What message would you want ET to find?
Science Friday looks at the Golden Record, an interstellar greeting and time capsule. Intended for any intelligent extraterrestrial life form—or future human—who may find it.
Common Core Learning Standards
- CCSS.ELA-LITERACY.SL.9–10.1, CCSS.ELA-LITERACY.SL.11–12.1: Initiate and participate effectively in a range of collaborative discussions (one-on-one, in groups, and teacher-led) with diverse partners on grades 9–10 topics, texts, and issues, building on others’ ideas and expressing their own clearly and persuasively.
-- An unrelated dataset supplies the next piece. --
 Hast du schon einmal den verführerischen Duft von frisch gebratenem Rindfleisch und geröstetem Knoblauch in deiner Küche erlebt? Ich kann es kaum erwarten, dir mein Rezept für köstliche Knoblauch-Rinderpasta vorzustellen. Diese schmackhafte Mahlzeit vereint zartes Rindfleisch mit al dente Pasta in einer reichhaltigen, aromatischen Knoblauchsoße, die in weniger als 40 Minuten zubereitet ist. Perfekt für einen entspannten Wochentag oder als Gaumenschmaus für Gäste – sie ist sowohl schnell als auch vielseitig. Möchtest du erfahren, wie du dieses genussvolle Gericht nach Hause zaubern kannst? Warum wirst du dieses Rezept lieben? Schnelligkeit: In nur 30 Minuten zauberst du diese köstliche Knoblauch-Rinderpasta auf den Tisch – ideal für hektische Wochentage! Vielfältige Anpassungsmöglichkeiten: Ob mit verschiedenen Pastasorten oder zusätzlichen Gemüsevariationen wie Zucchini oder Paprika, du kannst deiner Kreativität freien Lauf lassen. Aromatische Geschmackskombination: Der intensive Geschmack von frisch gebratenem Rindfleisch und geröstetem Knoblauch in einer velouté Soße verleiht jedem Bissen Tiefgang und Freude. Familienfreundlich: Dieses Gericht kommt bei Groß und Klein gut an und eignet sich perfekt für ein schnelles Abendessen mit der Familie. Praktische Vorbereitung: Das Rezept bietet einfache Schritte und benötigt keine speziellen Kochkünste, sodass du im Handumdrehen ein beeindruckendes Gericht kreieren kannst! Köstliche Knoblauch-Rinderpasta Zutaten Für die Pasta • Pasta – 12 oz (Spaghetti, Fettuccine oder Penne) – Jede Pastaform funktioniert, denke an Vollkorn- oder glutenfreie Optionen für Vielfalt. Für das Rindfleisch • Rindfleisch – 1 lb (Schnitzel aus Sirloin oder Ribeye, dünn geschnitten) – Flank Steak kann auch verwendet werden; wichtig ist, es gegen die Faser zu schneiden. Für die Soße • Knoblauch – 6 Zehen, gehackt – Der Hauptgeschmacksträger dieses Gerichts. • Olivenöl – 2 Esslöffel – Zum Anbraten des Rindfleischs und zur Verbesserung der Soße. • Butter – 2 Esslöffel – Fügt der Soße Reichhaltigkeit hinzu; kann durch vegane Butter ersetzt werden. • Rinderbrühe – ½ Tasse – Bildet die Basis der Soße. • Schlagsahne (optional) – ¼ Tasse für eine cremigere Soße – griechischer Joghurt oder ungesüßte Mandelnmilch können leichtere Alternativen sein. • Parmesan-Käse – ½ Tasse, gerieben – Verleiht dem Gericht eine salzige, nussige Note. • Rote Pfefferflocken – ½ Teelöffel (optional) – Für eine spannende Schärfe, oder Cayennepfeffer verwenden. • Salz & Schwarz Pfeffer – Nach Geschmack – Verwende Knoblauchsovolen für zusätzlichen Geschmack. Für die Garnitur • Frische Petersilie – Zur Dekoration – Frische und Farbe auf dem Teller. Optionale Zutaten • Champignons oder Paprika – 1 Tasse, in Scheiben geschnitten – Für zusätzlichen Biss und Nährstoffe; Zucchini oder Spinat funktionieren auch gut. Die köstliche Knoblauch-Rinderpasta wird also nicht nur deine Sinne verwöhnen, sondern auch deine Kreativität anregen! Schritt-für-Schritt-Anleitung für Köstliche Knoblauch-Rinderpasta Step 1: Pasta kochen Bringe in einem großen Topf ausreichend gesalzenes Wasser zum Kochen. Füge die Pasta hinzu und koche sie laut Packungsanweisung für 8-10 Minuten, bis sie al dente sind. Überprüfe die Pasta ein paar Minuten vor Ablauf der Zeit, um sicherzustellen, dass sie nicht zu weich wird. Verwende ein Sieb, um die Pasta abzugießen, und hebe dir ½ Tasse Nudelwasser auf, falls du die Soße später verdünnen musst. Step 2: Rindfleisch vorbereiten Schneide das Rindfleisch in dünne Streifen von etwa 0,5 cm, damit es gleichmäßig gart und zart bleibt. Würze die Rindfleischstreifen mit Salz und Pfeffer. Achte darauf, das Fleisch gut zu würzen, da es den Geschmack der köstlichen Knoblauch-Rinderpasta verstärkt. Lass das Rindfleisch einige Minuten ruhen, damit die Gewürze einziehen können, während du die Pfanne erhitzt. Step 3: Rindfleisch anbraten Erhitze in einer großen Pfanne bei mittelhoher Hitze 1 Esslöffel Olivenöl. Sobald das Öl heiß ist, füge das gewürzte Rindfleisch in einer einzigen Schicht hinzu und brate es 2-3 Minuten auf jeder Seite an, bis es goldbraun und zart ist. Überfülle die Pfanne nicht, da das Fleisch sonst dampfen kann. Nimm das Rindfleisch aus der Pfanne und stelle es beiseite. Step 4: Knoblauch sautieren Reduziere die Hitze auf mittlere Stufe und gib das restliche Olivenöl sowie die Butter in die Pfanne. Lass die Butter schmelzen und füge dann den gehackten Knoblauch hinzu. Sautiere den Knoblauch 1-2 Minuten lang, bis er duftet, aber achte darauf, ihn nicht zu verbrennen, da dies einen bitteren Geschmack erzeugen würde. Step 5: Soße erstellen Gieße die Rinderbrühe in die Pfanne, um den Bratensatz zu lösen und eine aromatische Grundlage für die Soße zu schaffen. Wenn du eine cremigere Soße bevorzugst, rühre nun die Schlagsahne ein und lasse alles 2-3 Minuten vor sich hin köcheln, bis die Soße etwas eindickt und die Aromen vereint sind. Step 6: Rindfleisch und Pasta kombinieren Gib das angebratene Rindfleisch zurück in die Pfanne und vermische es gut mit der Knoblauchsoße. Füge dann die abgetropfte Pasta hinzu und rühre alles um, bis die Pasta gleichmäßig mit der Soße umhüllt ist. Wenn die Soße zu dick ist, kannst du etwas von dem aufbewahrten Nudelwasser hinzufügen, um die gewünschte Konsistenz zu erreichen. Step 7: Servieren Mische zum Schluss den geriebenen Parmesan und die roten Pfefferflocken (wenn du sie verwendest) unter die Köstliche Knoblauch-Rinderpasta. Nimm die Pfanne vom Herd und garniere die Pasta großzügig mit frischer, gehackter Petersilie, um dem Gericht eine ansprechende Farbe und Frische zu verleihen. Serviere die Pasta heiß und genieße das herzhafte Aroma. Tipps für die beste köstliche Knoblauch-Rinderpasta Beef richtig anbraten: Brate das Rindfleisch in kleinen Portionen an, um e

- CCSS.ELA-LITERACY.W.9–10.1, CCSS.ELA-LITERACY.W.11–12.1: Write arguments to support claims in an analysis of substantive topics or texts, using valid reasoning and relevant and sufficient evidence.
In 1977, NASA launched Voyager 1 and 2 to explore and document our solar system and the interstellar space beyond. The craft will drift for billions of years in the emptiness, each carrying a Golden Record inscribed with a message to any intelligent spacefaring civilization that discovers it. These recorded artifacts included a diagram of DNA, greetings in 55 languages, a map of our solar system’s position relative to stellar landmarks, Louis Armstrong’s “Melancholy Blues,” and even the sound of a kiss.
Activity Suggestions
- Use this discussion and writing activity for students that asks them to explore and evaluate the Golden Record and design a contemporary version.
- Explore more about the record on The Golden Record: A Portrait of Earth, including a recent interview with Ann Druyan and Frank Drake about the collaboration to create the Golden Record.
- Use this “Pi in the Sky” math activity to have students determine how much of Voyager 1’s original signal reachers Earth.